__About this exercise__
Output all of the records word for word and drop the images.

*** The input ***

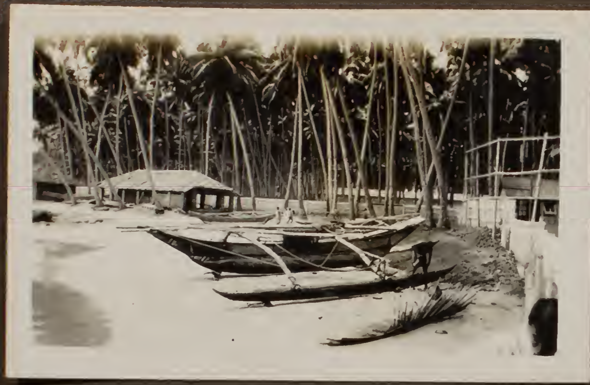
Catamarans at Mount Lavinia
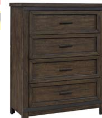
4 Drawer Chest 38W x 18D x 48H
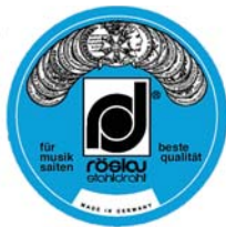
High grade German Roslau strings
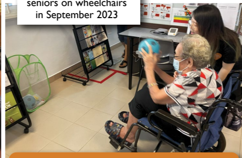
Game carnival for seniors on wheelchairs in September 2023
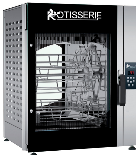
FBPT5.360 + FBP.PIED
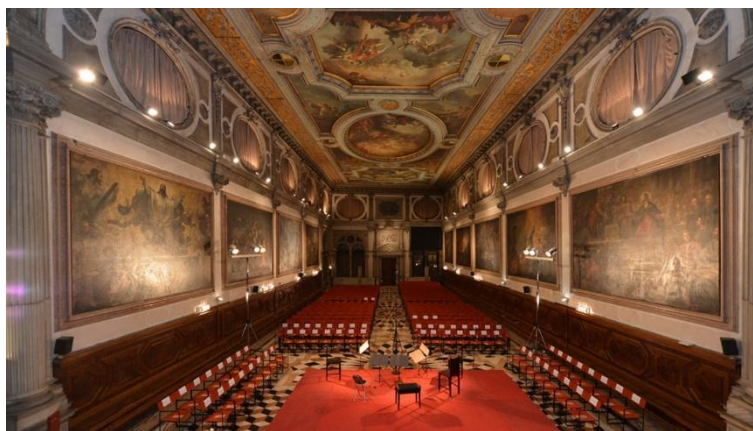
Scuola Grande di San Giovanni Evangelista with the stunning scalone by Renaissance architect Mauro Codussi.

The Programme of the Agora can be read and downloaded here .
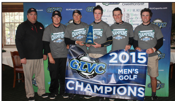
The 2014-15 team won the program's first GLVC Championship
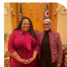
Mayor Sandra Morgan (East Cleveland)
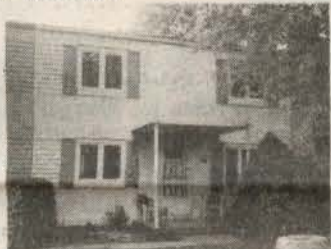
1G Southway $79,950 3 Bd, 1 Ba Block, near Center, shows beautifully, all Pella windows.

***

__Written solution__
Catamarans at Mount Lavinia
4 Drawer Chest 38W x 18D x 48H
High grade German Roslau strings
Game carnival for seniors on wheelchairs in September 2023
FBPT5.360 + FBP.PIED
Scuola Grande di San Giovanni Evangelista with the stunning scalone by Renaissance architect Mauro Codussi.

The Programme of the Agora can be read and downloaded here .
The 2014-15 team won the program's first GLVC Championship
Mayor Sandra Morgan (East Cleveland)
1G Southway $79,950 3 Bd, 1 Ba Block, near Center, shows beautifully, all Pella windows.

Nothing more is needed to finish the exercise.